DESCRIPTION OF THE TASK>
Repeat each entry exactly and drop the pictures.

++++

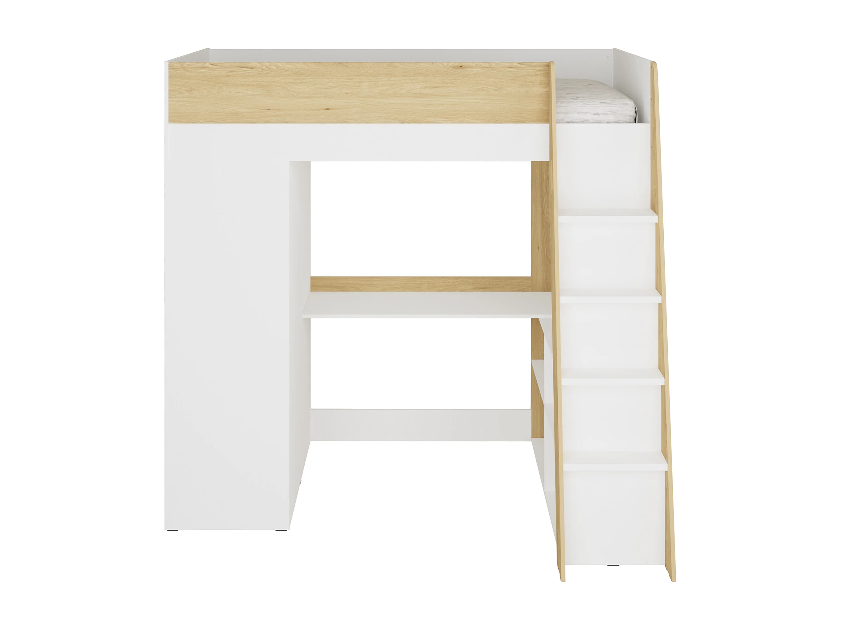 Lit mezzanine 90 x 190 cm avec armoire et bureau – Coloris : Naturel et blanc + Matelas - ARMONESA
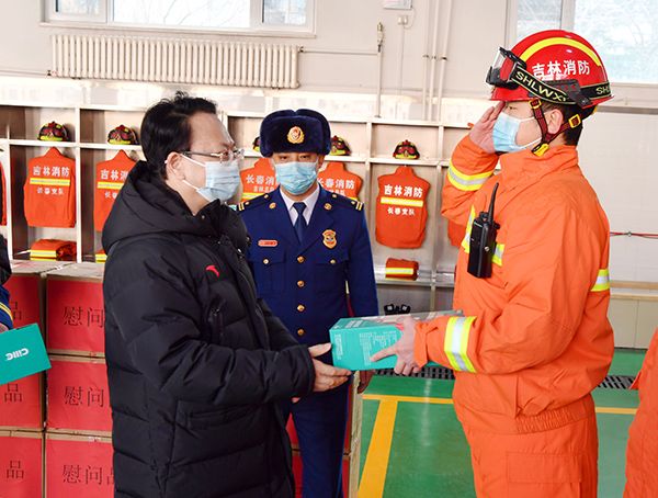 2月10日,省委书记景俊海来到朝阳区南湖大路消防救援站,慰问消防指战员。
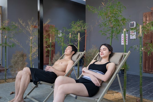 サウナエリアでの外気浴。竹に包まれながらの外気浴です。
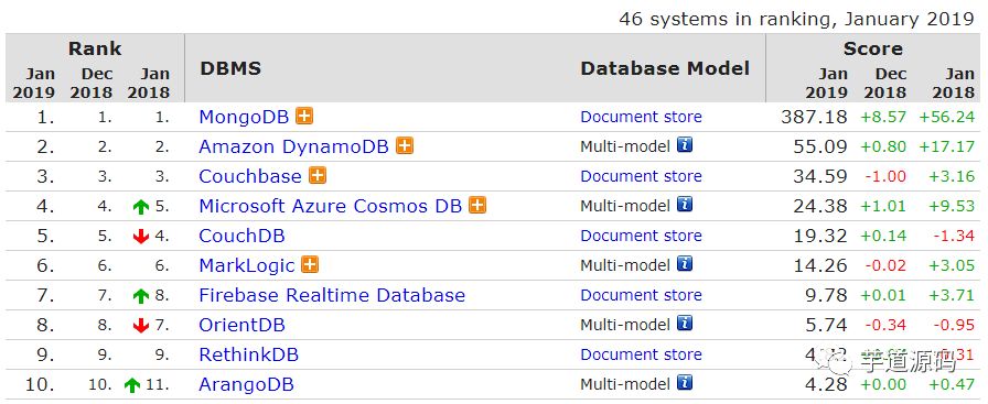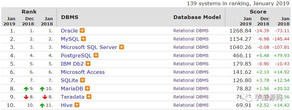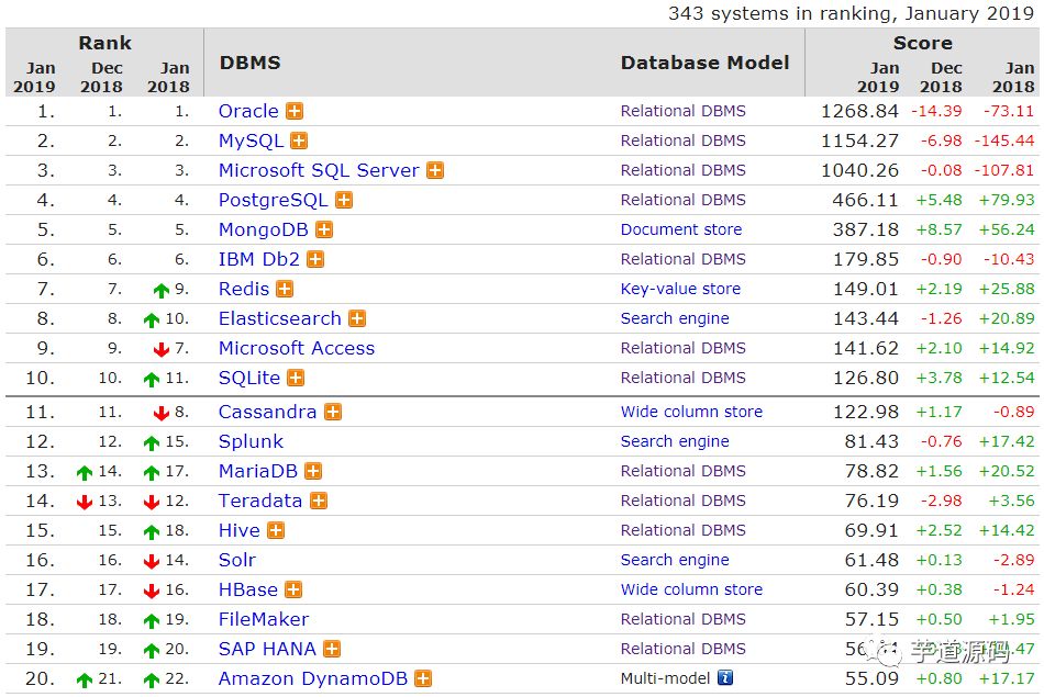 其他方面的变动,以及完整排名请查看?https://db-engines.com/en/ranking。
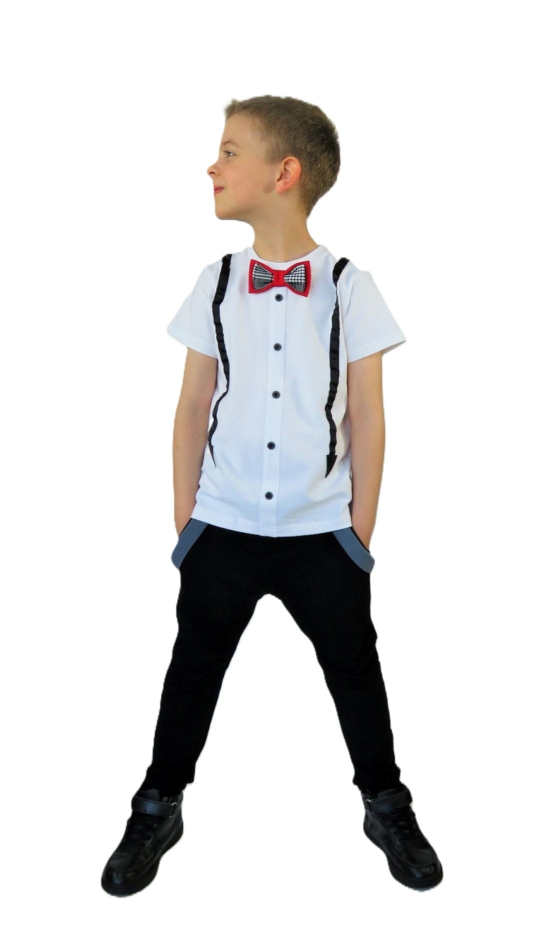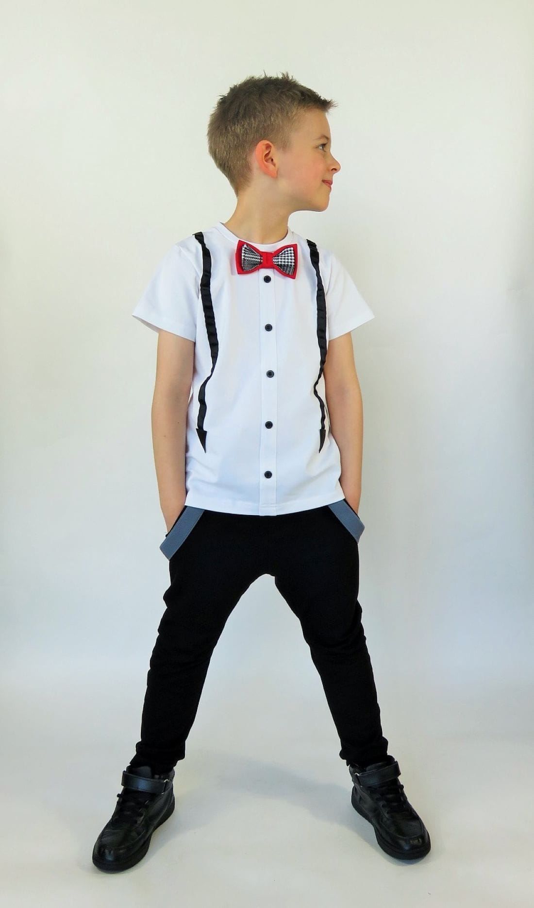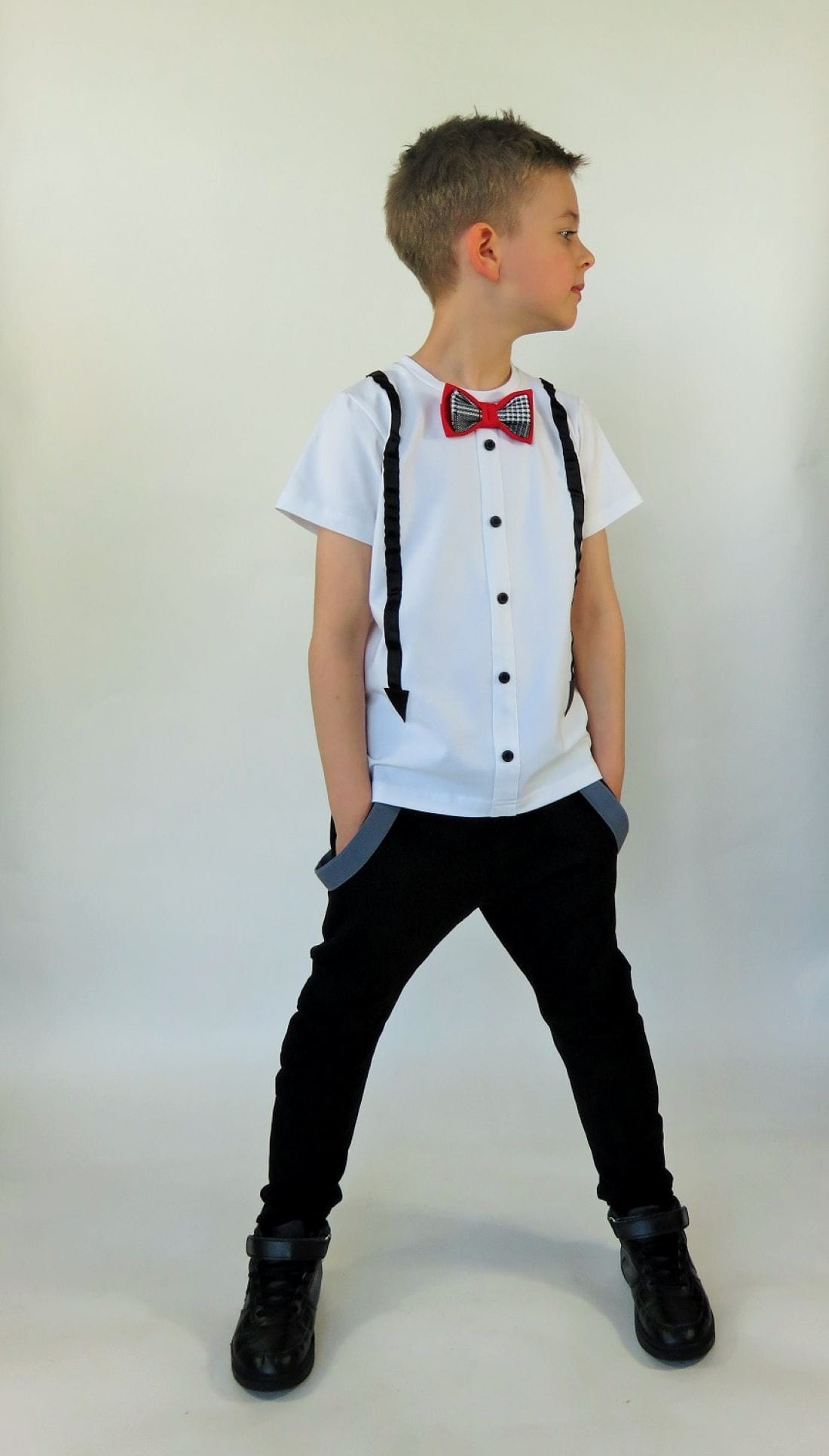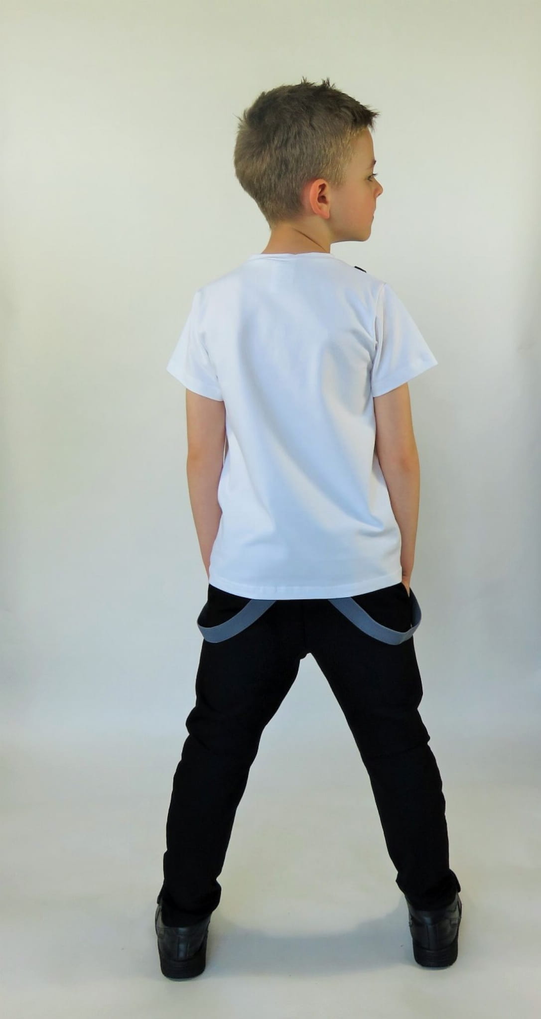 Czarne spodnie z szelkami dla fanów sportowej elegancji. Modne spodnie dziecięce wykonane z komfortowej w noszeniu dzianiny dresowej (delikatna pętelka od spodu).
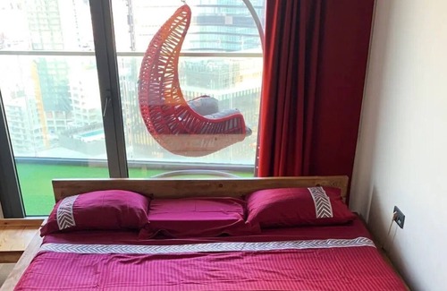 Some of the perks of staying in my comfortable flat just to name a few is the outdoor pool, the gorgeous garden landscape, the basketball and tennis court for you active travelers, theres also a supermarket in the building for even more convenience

++++

ANSWER FOR THE TASK>
 Lit mezzanine 90 x 190 cm avec armoire et bureau – Coloris : Naturel et blanc + Matelas - ARMONESA
 2月10日,省委书记景俊海来到朝阳区南湖大路消防救援站,慰问消防指战员。
 サウナエリアでの外気浴。竹に包まれながらの外気浴です。
 其他方面的变动,以及完整排名请查看?https://db-engines.com/en/ranking。
 Czarne spodnie z szelkami dla fanów sportowej elegancji. Modne spodnie dziecięce wykonane z komfortowej w noszeniu dzianiny dresowej (delikatna pętelka od spodu).
 Some of the perks of staying in my comfortable flat just to name a few is the outdoor pool, the gorgeous garden landscape, the basketball and tennis court for you active travelers, theres also a supermarket in the building for even more convenience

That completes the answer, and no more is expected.